Participants were 250 undergraduates (N = 103 women, N = 113 men, N = 34 gender not reported) in a large introductory psychology class at a public research university. Participants ranged in age from 18 to 31 years (M = 19.4, SD = 1.54). The ethnic makeup of the sample was majority White (70%), with small numbers of Black (2%), Latino (3%), Asian (4%), Native American (0.4%), and multiethnic (1.6%) participants, and 20% who did not report ethnicity. Most of the participants were US domestic students (83.6%), 2.8% were international students, and 13.6% did not report their country of origin. The study was conducted as part of an in‐class activity mid‐semester, and students received attendance credit for their presence in class that day.

2.2. Materials and procedure

We randomly assigned half of the sample to wear a disposable face mask, surgical style (polypropylene bouffant) hat, and sunglasses to obstruct others' access to visual cues from the face and head. Participants were told to find a same‐sex, same‐mask‐condition person with whom they had never before spoken, from the diagonally opposite quadrant of the lecture hall. Participants found and interacted with a partner from the same condition (mask condition, N = 122 or 61 pairs; no mask condition, N = 128 or 64 pairs), and then talked with their partner for 2 min about one of three topics of their choice (favorite vegetables, whether or not Pluto is a planet, number of credits required for the major).

2.2.1. Evaluation of the activity and partner

After the conversation, pairs separated and participants privately rated their interaction partner using three items (α = .82) on a paper questionnaire: “I had a good feeling about this person before we interacted (1 = Strongly disagree, 7 = Strongly agree),” “Would you be interested in becoming friends with this person? (1 = Not at all interested, 7 = Very interested),” “How much do you like this person? (1 = Not at all, 7 = Very much).” Participants also answered, “How similar do you believe this person is to you? and “How friendly and outgoing would you say this person is? (1 = Not at all, 7 = Very much).
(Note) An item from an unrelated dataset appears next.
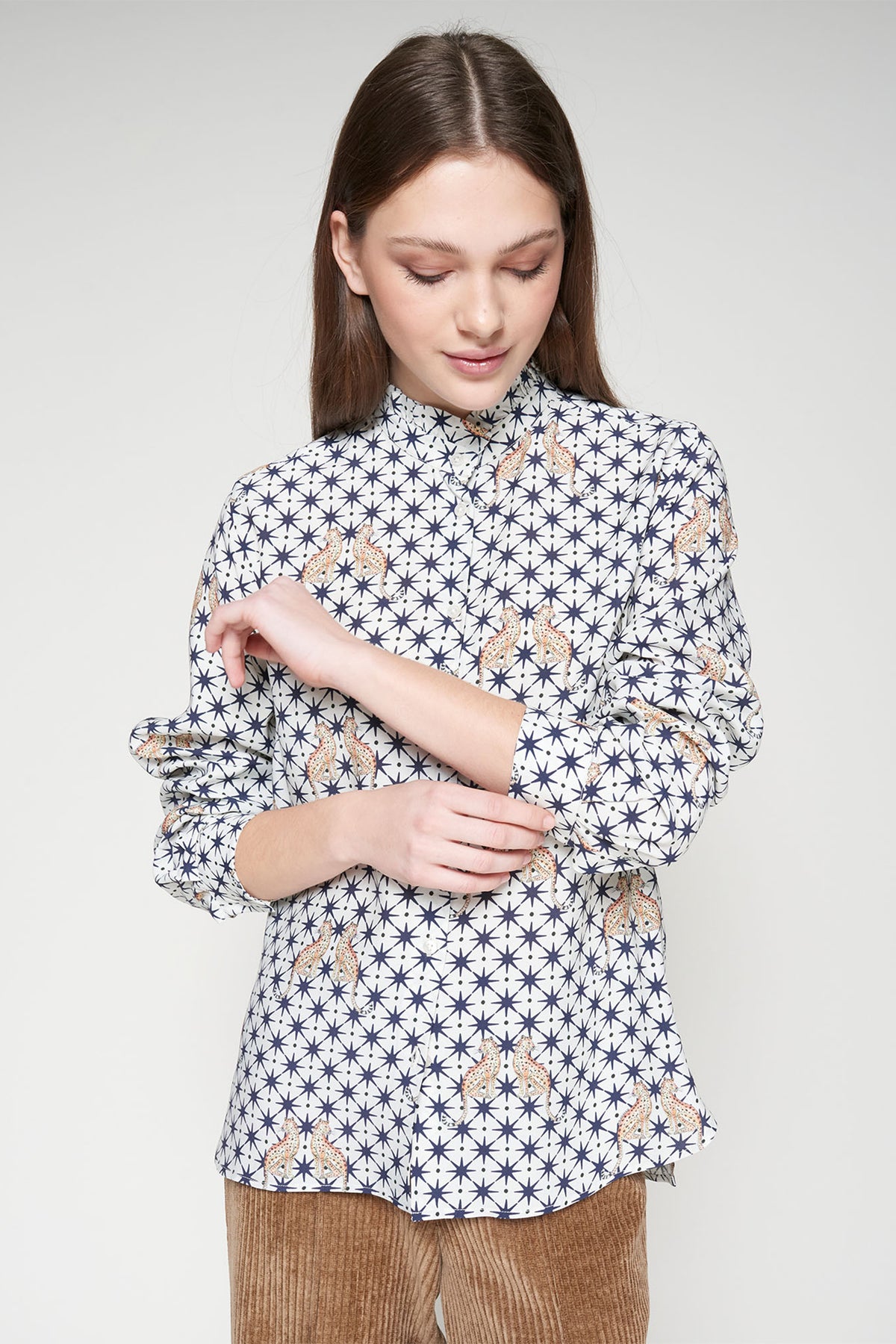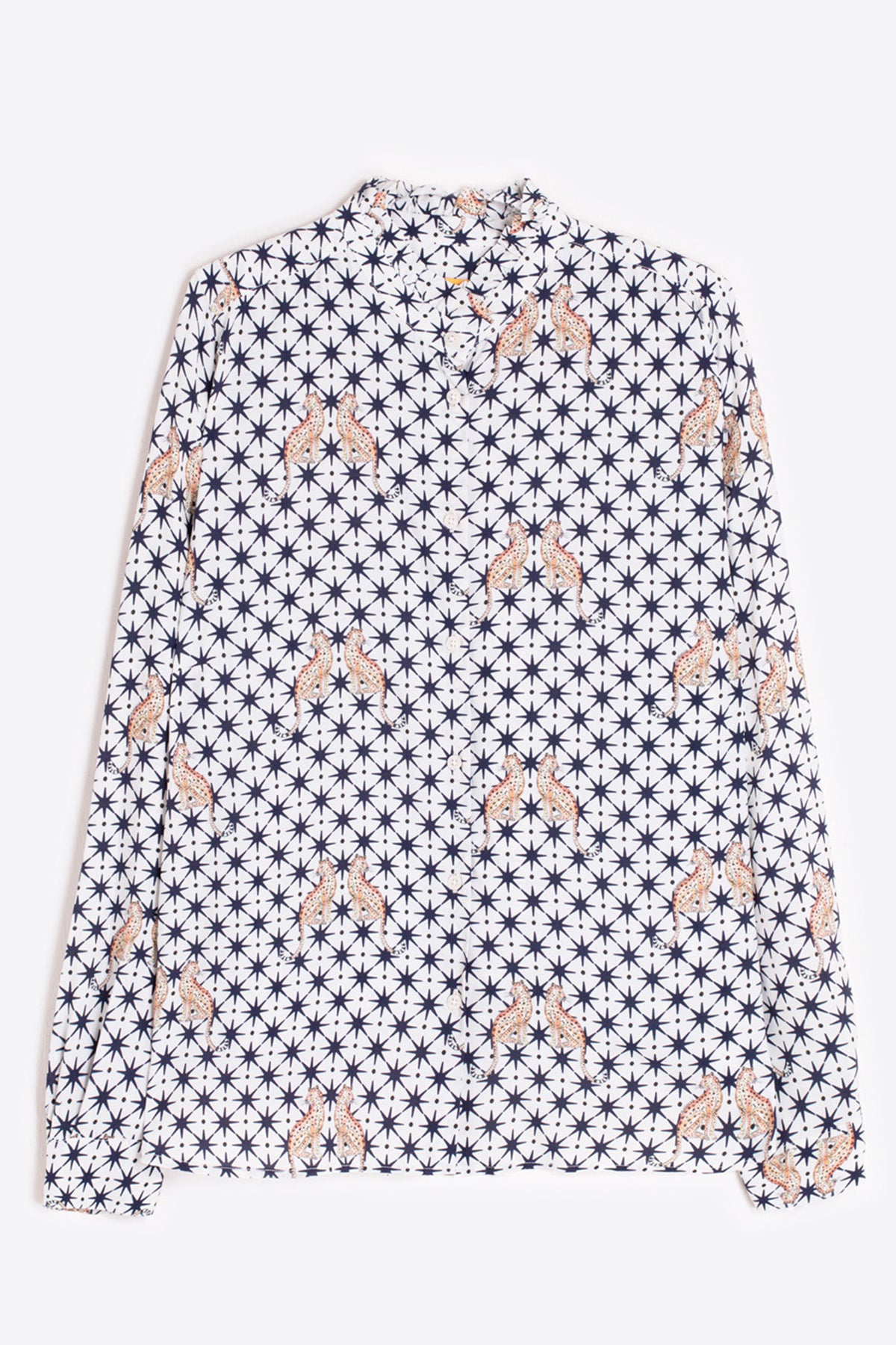 A playful twist on a classic silhouette, the Vilagallo 32979 Andy White Navy Leopard Print Star Shirt combines crisp white with an all‑over pattern of navy stars and hand‑drawn leopard motifs. Cut in a straight fit from fluid viscose, it features a high collar with subtle ruffle, button‑through front, and long sleeves finished with buttoned cuffs for a polished edge.

Finally, they reported their level of comfort with the activity using three items: “This activity made me feel uncomfortable,” “What I was wearing made me feel uncomfortable,” and “I felt like I could be myself in this activity” (1 = Strongly disagree, 7 = Strongly agree).

2.2.2. How partners were chosen

The in‐class, postconversation questionnaire asked, “How much did the following factors determine which person you chose to interact with?” Participants gave separate ratings (1 = Not important, 7 = Very important) for seemed friendly, seemed similar to me, seemed interesting, the look of their body and shape, the look of their face and head, their clothing seemed appealing, their clothing made them seem similar to me, and their posture and movement.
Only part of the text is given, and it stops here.